Records contained in a dataset:
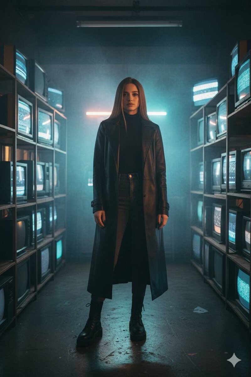 Fashion-съёмка с атмосферой фильма — всего один ПРОМТ. Нано Банана — мощная, но у неё есть слабое место: она редко создаёт настоящий киношный кадр. Этот промт ломает шаблон — добавляет свет, дым и фактуру, превращая модель в героиню нуара. Промт: A wider cinematic shot of a confident woman standing in a dim vintage room filled with flickering CRT TVs. She wears a long black leather trench coat over a fitted turtleneck and high-waisted trousers, heavy boots glinting in the shifting light. Cold blue and amber glow from the screens moves softly across her face and coat. Smoke drifts lazily through the air. Her gaze is calm but untouchable — a modern noir heroine. The scene feels cinematic and moody, captured on ARRI Alexa Mini LF, 35mm lens, tone: Americana Night Fog — retro Americana palette with warm red and teal neon contrast, halation bloom, soft haze diffusion, low-contrast shadows, subtle film grain, Kodak Vision3 500T emulation, realistic fog texture, wet asphalt reflections. Как
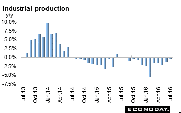 July industrial production was unchanged in July and down 0.5 percent from the same month a year ago. Expectations were for a monthly increase of 0.8 percent. This could add pressure on the Bank of Japan to take action and ease monetary policy further. Chemicals excluding drugs reversed direction and declined 1.4 percent after increasing 3.8 percent in June. Fabricated metals dropped 3.0 percent after jumping 5.7 percent in June. General-purpose, production & business oriented machinery declined 0.7 percent after increasing 0.4 percent in June. Transport equipment was up 1.2 percent after adding 1.8 percent in June. Electronic parts & devices were up for a second month, this time by 1.5 percent after increasing 1.6 percent in June. Electrical machinery was 1.6 percent higher on the month after increasing 1.1 percent the month before. The government is forecasting August output to jump a monthly 4.1 percent but for September, output is expected to decline 0.7 percent.
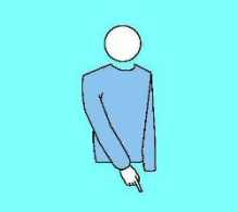 執裁手勢:兩臂前伸,掌心相對,略微上抬。
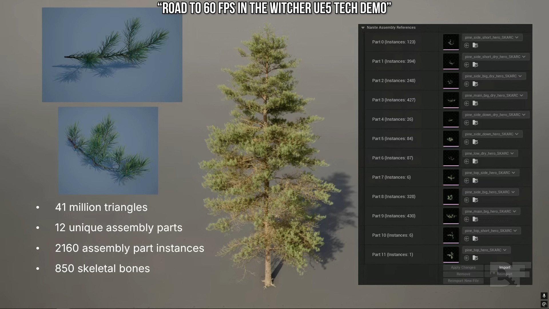 Charles Tremblay: The reason we had the pine tree is because we thought it was the worst case scenario, and we worked on it for a long time. I was super stresed when we started work on the demo, and we had to consider also the asset space on disk, all the assemblies... In The Witcher, the forest is the soul of the game, so it couldn't be done the traditional way.
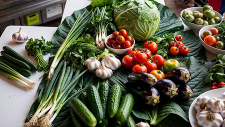 A rich harvest of various vibrant vegetables spread across large leafy greens. AI generated image
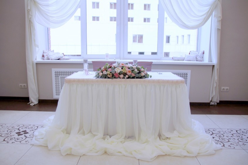 Часто молодожены представляют себе только красивый центральный стол с праздничной сервировкой и цветочным декором. Все пространство свадебного банкета или зала для выездной регистрации не принимается во внимание при заказе флористического оформления. Поэтому иногда свадебный центральный стол доминирует над всем пространством. Он бывает перегружен декоративными элементами, временами становится похож на клумбу. Молодожены тратят достаточное существенные суммы на оформление одного стола. При этом общее впечатление от праздничного пространства остается далеким от настоящего свадебного праздника. Результатом такого подхода становятся не очень выразительные свадебные фотографии. Кроме того, иногда громоздкие композиции на столе молодоженов могут просто скрывать главных действующих лиц этого праздника от части гостей.
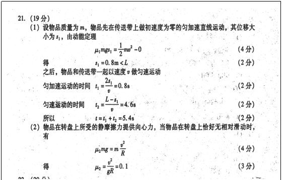 =2.0m/s,物品在转盘上与轴O的距离R=4.Om,物品与传送带间的动摩擦因数
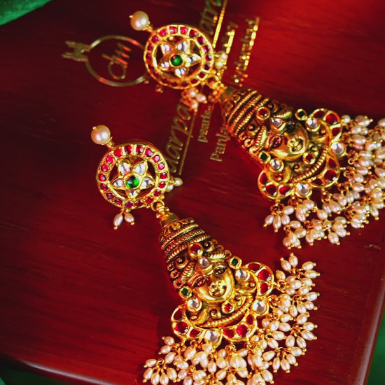 Enquire Now On WhatsAppThe Luxe Ruby Pearl Earrings are a masterpiece of elegance, blending the rich allure of rubies with the timeless grace of pearls. Expertly crafted in gold, these earrings showcase exquisite detailing that highlights their luxurious charm. The radiant rubies add a bold pop of color, while the pearls bring sophistication and balance, making them a truly captivating accessory. A symbol of grace and refinement, these earrings elevate any look with effortless style. Ideal for weddings, festive celebrations, and evening occasions, they pair beautifully with sarees, lehengas, and contemporary outfits, adding a regal touch of elegance to your attire.
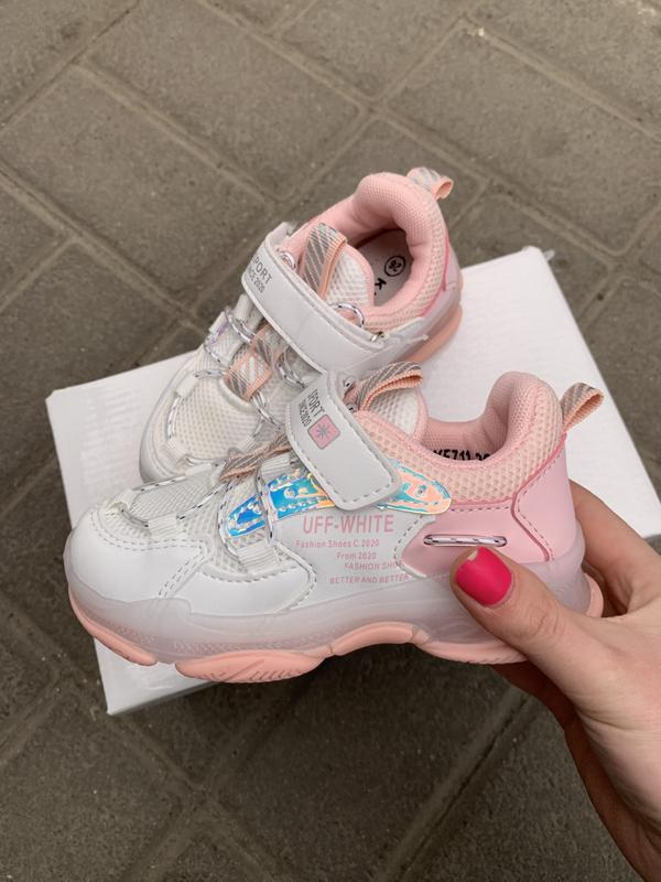 Стильні кросівки для дівчинки. Ніжно ролей та білий колір, Шкіряна устілка з супінатором. Верх сіточка. Підошва силіконова. Розмір 26 15.7см 27 16.5см 28 17.8см 29 18см 30р 19см 31 19.5см
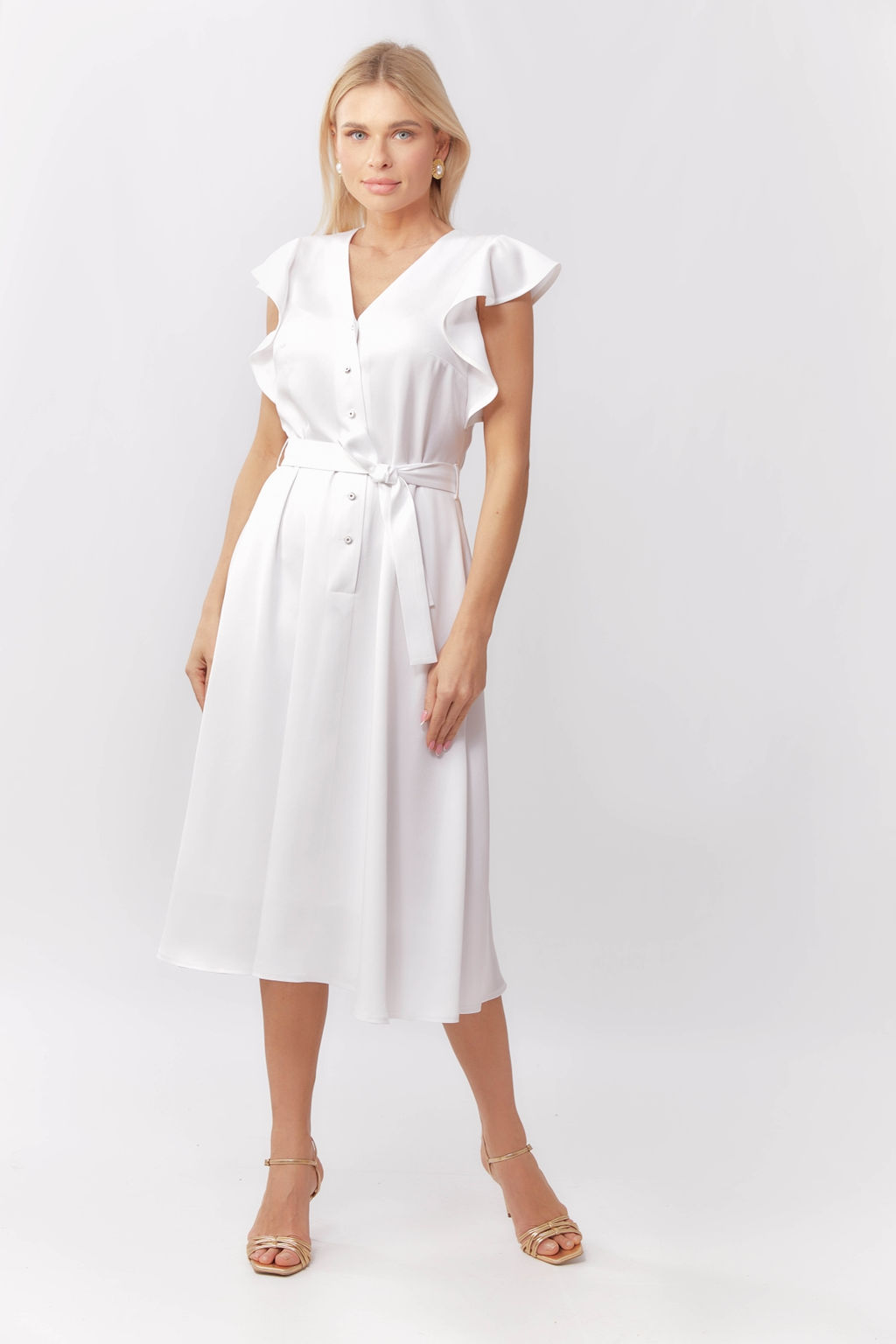 Платье отрезное по талии с рукавами-крылышками и струящейся юбкой из легкого тенселя в белом цвете
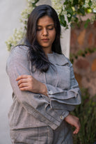 The Sonder Pleated Sleeve Blouse comes in an interesting twill weave of black and white has been naturally dyed using Myrobalan and Iron.
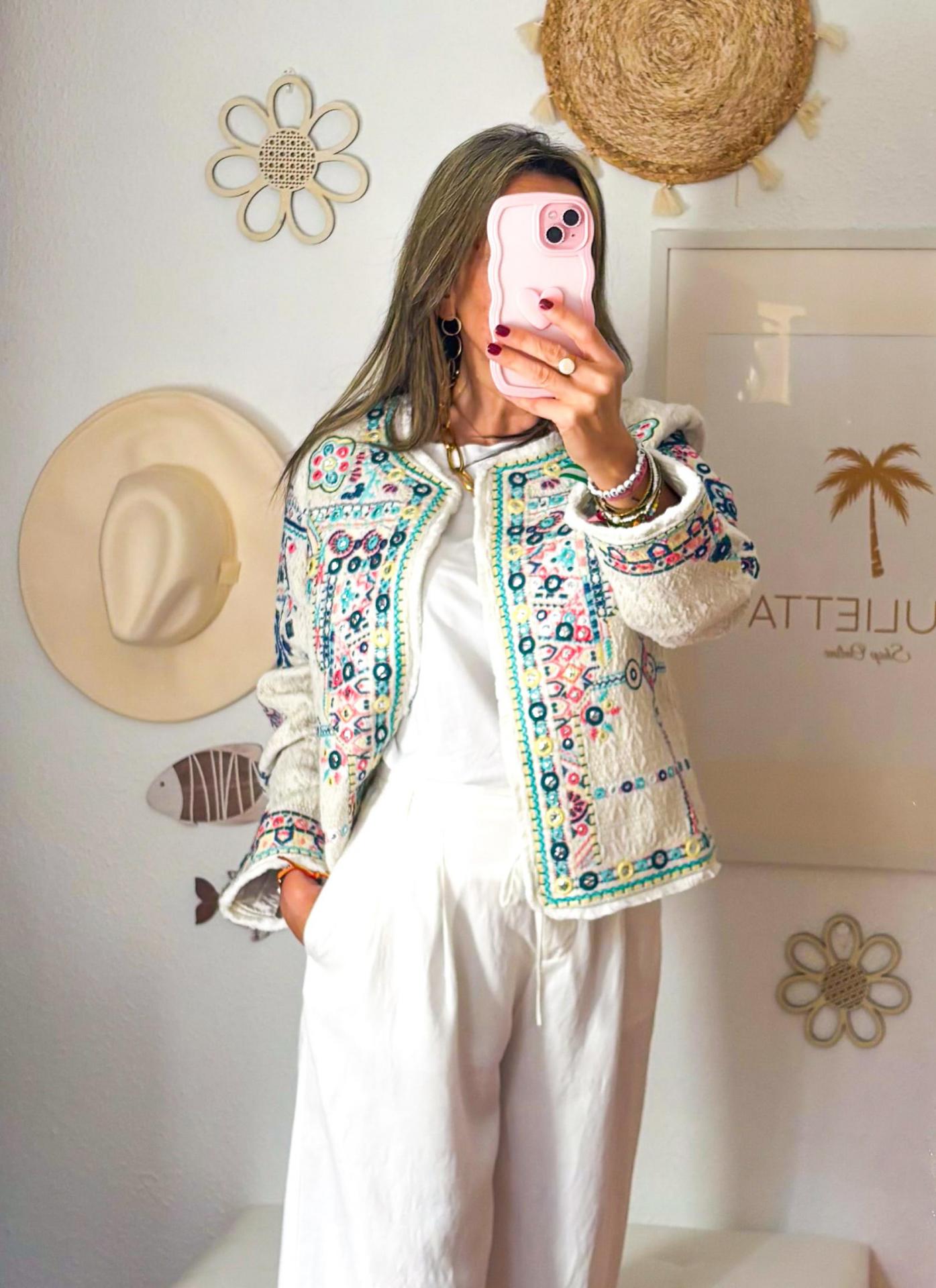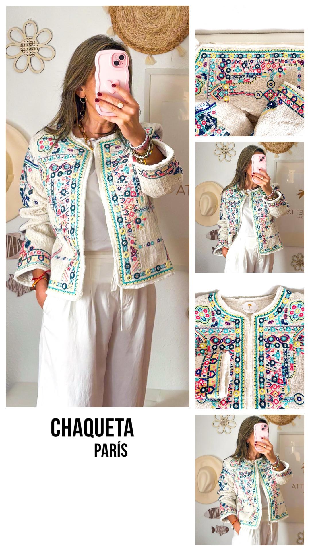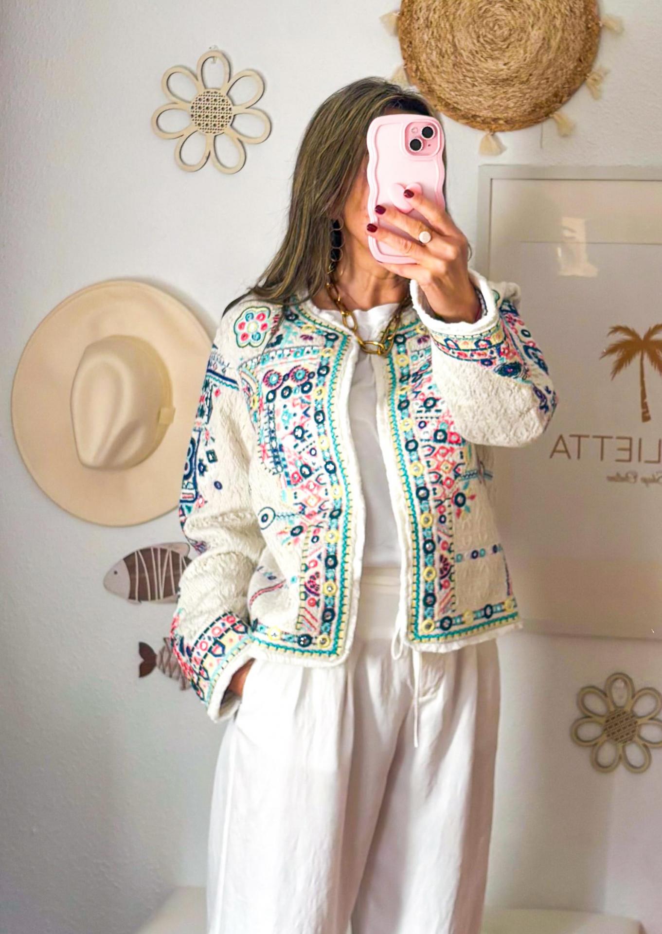 Tono beige con bordados e hilos en turquesa, amarillo, azul marino, fucsia, verde.
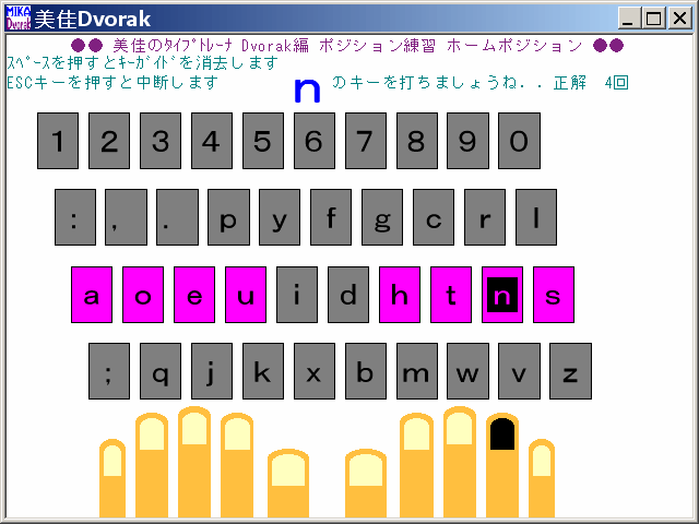 美佳のタイプトレーナDvorak編ポジション練習ホームポジション

> Exercise prompt:
Every line above is to be returned exactly, with its pictures removed.

> Response below:
 Fashion-съёмка с атмосферой фильма — всего один ПРОМТ. Нано Банана — мощная, но у неё есть слабое место: она редко создаёт настоящий киношный кадр. Этот промт ломает шаблон — добавляет свет, дым и фактуру, превращая модель в героиню нуара. Промт: A wider cinematic shot of a confident woman standing in a dim vintage room filled with flickering CRT TVs. She wears a long black leather trench coat over a fitted turtleneck and high-waisted trousers, heavy boots glinting in the shifting light. Cold blue and amber glow from the screens moves softly across her face and coat. Smoke drifts lazily through the air. Her gaze is calm but untouchable — a modern noir heroine. The scene feels cinematic and moody, captured on ARRI Alexa Mini LF, 35mm lens, tone: Americana Night Fog — retro Americana palette with warm red and teal neon contrast, halation bloom, soft haze diffusion, low-contrast shadows, subtle film grain, Kodak Vision3 500T emulation, realistic fog texture, wet asphalt reflections. Как
 July industrial production was unchanged in July and down 0.5 percent from the same month a year ago. Expectations were for a monthly increase of 0.8 percent. This could add pressure on the Bank of Japan to take action and ease monetary policy further. Chemicals excluding drugs reversed direction and declined 1.4 percent after increasing 3.8 percent in June. Fabricated metals dropped 3.0 percent after jumping 5.7 percent in June. General-purpose, production & business oriented machinery declined 0.7 percent after increasing 0.4 percent in June. Transport equipment was up 1.2 percent after adding 1.8 percent in June. Electronic parts & devices were up for a second month, this time by 1.5 percent after increasing 1.6 percent in June. Electrical machinery was 1.6 percent higher on the month after increasing 1.1 percent the month before. The government is forecasting August output to jump a monthly 4.1 percent but for September, output is expected to decline 0.7 percent.
 執裁手勢:兩臂前伸,掌心相對,略微上抬。
 Charles Tremblay: The reason we had the pine tree is because we thought it was the worst case scenario, and we worked on it for a long time. I was super stresed when we started work on the demo, and we had to consider also the asset space on disk, all the assemblies... In The Witcher, the forest is the soul of the game, so it couldn't be done the traditional way.
 A rich harvest of various vibrant vegetables spread across large leafy greens. AI generated image
 Часто молодожены представляют себе только красивый центральный стол с праздничной сервировкой и цветочным декором. Все пространство свадебного банкета или зала для выездной регистрации не принимается во внимание при заказе флористического оформления. Поэтому иногда свадебный центральный стол доминирует над всем пространством. Он бывает перегружен декоративными элементами, временами становится похож на клумбу. Молодожены тратят достаточное существенные суммы на оформление одного стола. При этом общее впечатление от праздничного пространства остается далеким от настоящего свадебного праздника. Результатом такого подхода становятся не очень выразительные свадебные фотографии. Кроме того, иногда громоздкие композиции на столе молодоженов могут просто скрывать главных действующих лиц этого праздника от части гостей.
 =2.0m/s,物品在转盘上与轴O的距离R=4.Om,物品与传送带间的动摩擦因数
 Enquire Now On WhatsAppThe Luxe Ruby Pearl Earrings are a masterpiece of elegance, blending the rich allure of rubies with the timeless grace of pearls. Expertly crafted in gold, these earrings showcase exquisite detailing that highlights their luxurious charm. The radiant rubies add a bold pop of color, while the pearls bring sophistication and balance, making them a truly captivating accessory. A symbol of grace and refinement, these earrings elevate any look with effortless style. Ideal for weddings, festive celebrations, and evening occasions, they pair beautifully with sarees, lehengas, and contemporary outfits, adding a regal touch of elegance to your attire.
 Стильні кросівки для дівчинки. Ніжно ролей та білий колір, Шкіряна устілка з супінатором. Верх сіточка. Підошва силіконова. Розмір 26 15.7см 27 16.5см 28 17.8см 29 18см 30р 19см 31 19.5см
 Платье отрезное по талии с рукавами-крылышками и струящейся юбкой из легкого тенселя в белом цвете
 The Sonder Pleated Sleeve Blouse comes in an interesting twill weave of black and white has been naturally dyed using Myrobalan and Iron.
 Tono beige con bordados e hilos en turquesa, amarillo, azul marino, fucsia, verde.
 美佳のタイプトレーナDvorak編ポジション練習ホームポジション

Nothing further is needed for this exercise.